Disclosure under the UK/ Swiss agreement will be based upon a Swiss bank account open on 31 December 2010 which remain open on 31 May 2013, so this route has distinct limitations.
Our reseach says that taxpayers who have received letters from HMRC and have no additional tax to pay include non-domiciled taxpayers who have elected to pay the £30,000 annual levy to be taxed on the remittance basis.
Taxpayers who do not receive one of these letters but who have undisclosed liabilities relating to offshore accounts should consider this a ‘warning shot’ and seriously consider making a full disclosure immediately.
Roy Maugham, Tax Partner at our London office, comments: “These letters are a warning shot. Taxpayers who fail to respond can expect the heavy artillery to follow.”

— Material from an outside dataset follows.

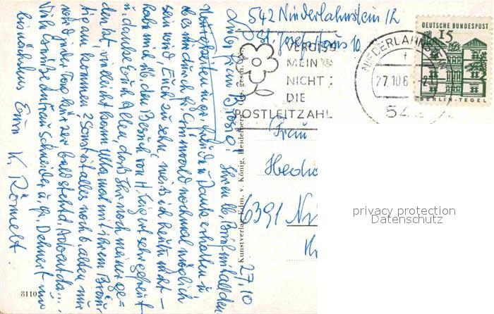 72920109 alte Postkarte Oberlahnstein Fliegeraufnahme mit Nieder und Oberlahnstein Lahnmuendung postalisch gelaufen Erhaltung siehe scans [WerneD78] KatCode: 11110007141075

“The noose is tightening. Taxpayers with undisclosed liabilities arising from funds offshore should seriously consider making a voluntary disclosure as a matter of urgency. HMRC will catch up with them sooner rather than later. When it does, the financial repercussions could be extremely serious and there is a growing risk of criminal prosecution.”
“A lot of our clients who have received these letters are completely in the clear. These letters are quite intimidating in tone, and they could cause a lot of sleepless nights, as well as unnecessary costs, for taxpayers who are completely innocent.”
“The difference between a formal investigation and a voluntary disclosure is critical. Taxpayers who come forward and are completely open with HMRC can expect more lenient treatment. Anyone with undeclared liabilities who ignores these letters will get much tougher fines. Instead of 10% fines, they could face fines of up to 100%”
He adds: “A lot of taxpayers with Swiss bank accounts will be better off using the Liechtenstein Disclosure Facility.”
New penalties for offshore tax evasion came into force on 6 April 2011. From the 2011/12 tax year onwards, taxpayers could face fines of up to 200% depending upon the location of the funds.